I hoped so. We spent the next few hours unpacking his stuff and placing it in his new cupboard. The house had started as a modest two-bedroom apartment, but then as we had grown in size, so had the flat. My parents extended our house wherever and however it possibly could until it ended as a huge three-bedroom flat with a humungous balcony, though we never felt it was big enough. Now, I shifted into the master bedroom and Amit shifted into mine.

I was relieved of the unpacking duty when he finally said that I wasn’t arranging things, I was stuffing them and adding to his work. I lay back then and watched him arrange his clothes, the idols and the photoframes in neat patterns. I wondered how people like him think.
What makes them think that a perfectly, or almost perfectly arranged closet can be arranged in a better manner? Where does that thought originate? What drives them to do it? What difference does a neat closet make in their lives? If I do it, will it bring Avantika back?
Just as I was slipping into arbitrary thoughts of
Avantika, Amit brought me back to my senses.

‘So, do we call her up now? I have been waiting to do this for a year now. Please. Please. I promise to be your pipe-sheet slave all my life. Please do this.
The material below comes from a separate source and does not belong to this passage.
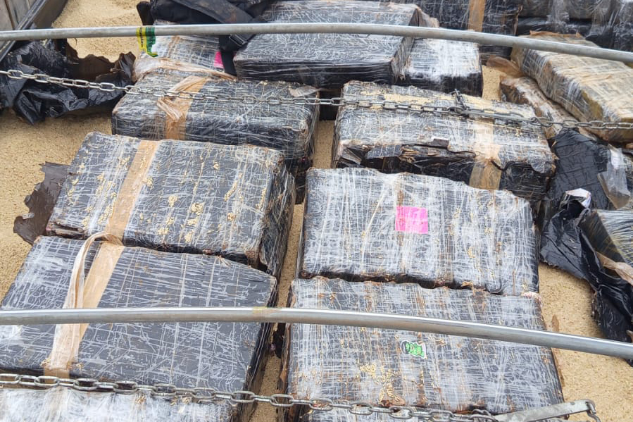 As equipes policiais trabalharam ao longo de toda a manhã no descarregamento da droga para realizar a pesagem oficial e determinar o volume exato da apreensão.
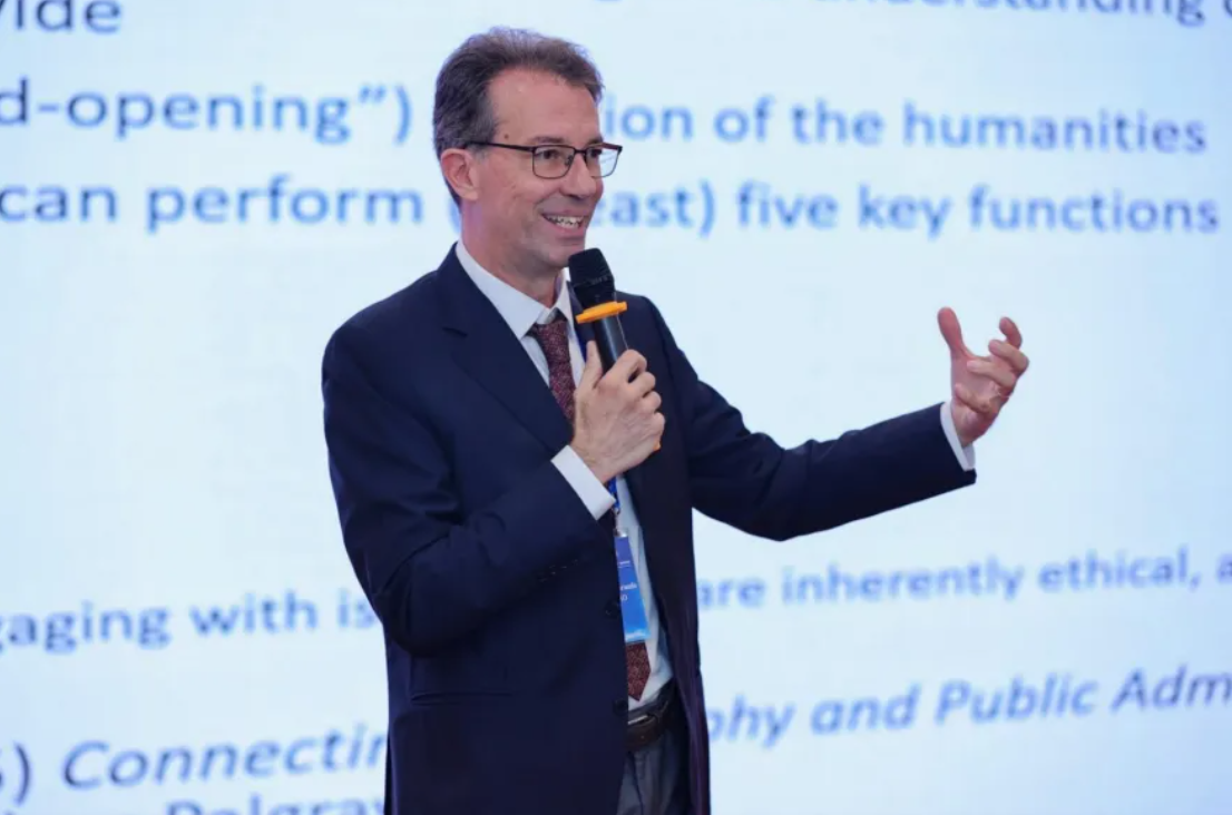 Public Policy and Administration主编、英国开放大学Edoardo Eriprando Ongaro教授发表了题为“The Contribution of the Humanities to the Advancement of Public Governance and Public Administration”的主旨演讲。Ongaro教授讨论了人文学科对公共行政的意义,希望整合哲学、艺术、历史等人文学科视角,深化对公共治理的理解。Ongaro教授指出,人文学科具有启迪功能(照亮本质问题)、批判功能(质疑既定框架)、补缺功能(填补社科研究盲点)、整合功能(连接碎片化知识)和规范功能(关注伦理、权利);在多危机时代(poly-crisis)和新技术、新观念相交织的当代,人文学科的意义更不可或缺。

If I don’t do this today, I won’t ever be able to do it again.’

‘As if it’s me who has stopped you from doing so. Go ahead. Call her.’ I tossed the phone to him.

Are you crazy? A year? It took me three days to call Avantika up! And we had kissed before that!

Astha and Amit never talked to each other. They had the strangest relationship possible. They liked each other and everyone around them knew that. But they were downright terrified at the mere thought of talking to each other. Even during their lunch meeting, they would transform into dumb, smiling statues after the first few seconds of customary hellos. All my attempts to start a conversation fell on deaf ears.

The only one who would talk was Astha’s best friend, Neeti. I knew that Neeti had a crush on me. To make things worse, she made a thousand nails on a blackboard sound like pure symphony. She talked, rather shrilled and shrieked a lot more than required. I had decided I would hold her responsible if Amit and Astha never became a couple. She was irritating. Sweet but irritating.

‘Are you sure I should call her? Is this the right time? What if she is not awake? Maybe we shouldn’t. Or can I just send a message and ask her? What do I do?’ Amit repeated these things as he paced around the room.

‘Okay, I will call her. And then you can talk. Is that fine?’ I said as I stretched for the first time on my bed. For the last two months, I had been sleeping on the couch because I was too lazy to clear the newspapers and Dominos’ boxes strewn across the bed.

‘Yes, you can do that. But then don’t tell her I am here.’

‘Great. Then how do I ask her to talk to you? Telepathy?’

‘Okay, do whatever you want to. Do it quick.’ He was still shaking the foundations of my flat.

‘Hi, Astha!’

‘Hi, Deb.’

‘What are you doing? I hope you are not busy.’

‘No, Neeti and I just finished the dishes.’

Amit had already drifted into his daydreams. This was the longest sentence he had heard from her.

‘Okay. Actually, Amit and I were kind of getting bored. So we thought we would bore somebody else too.’

‘No, it’s okay. You tell me. How are you finding the work? Have you started working yet?’

Amit had shit his pants for all I could guess. I could tell he was feeling insecure. He always did that when he saw other guys talking to her.

‘It’s good. I was just wondering, I mean, if you aren’t doing anything, whether we could meet up. Amit has something really important to tell you.’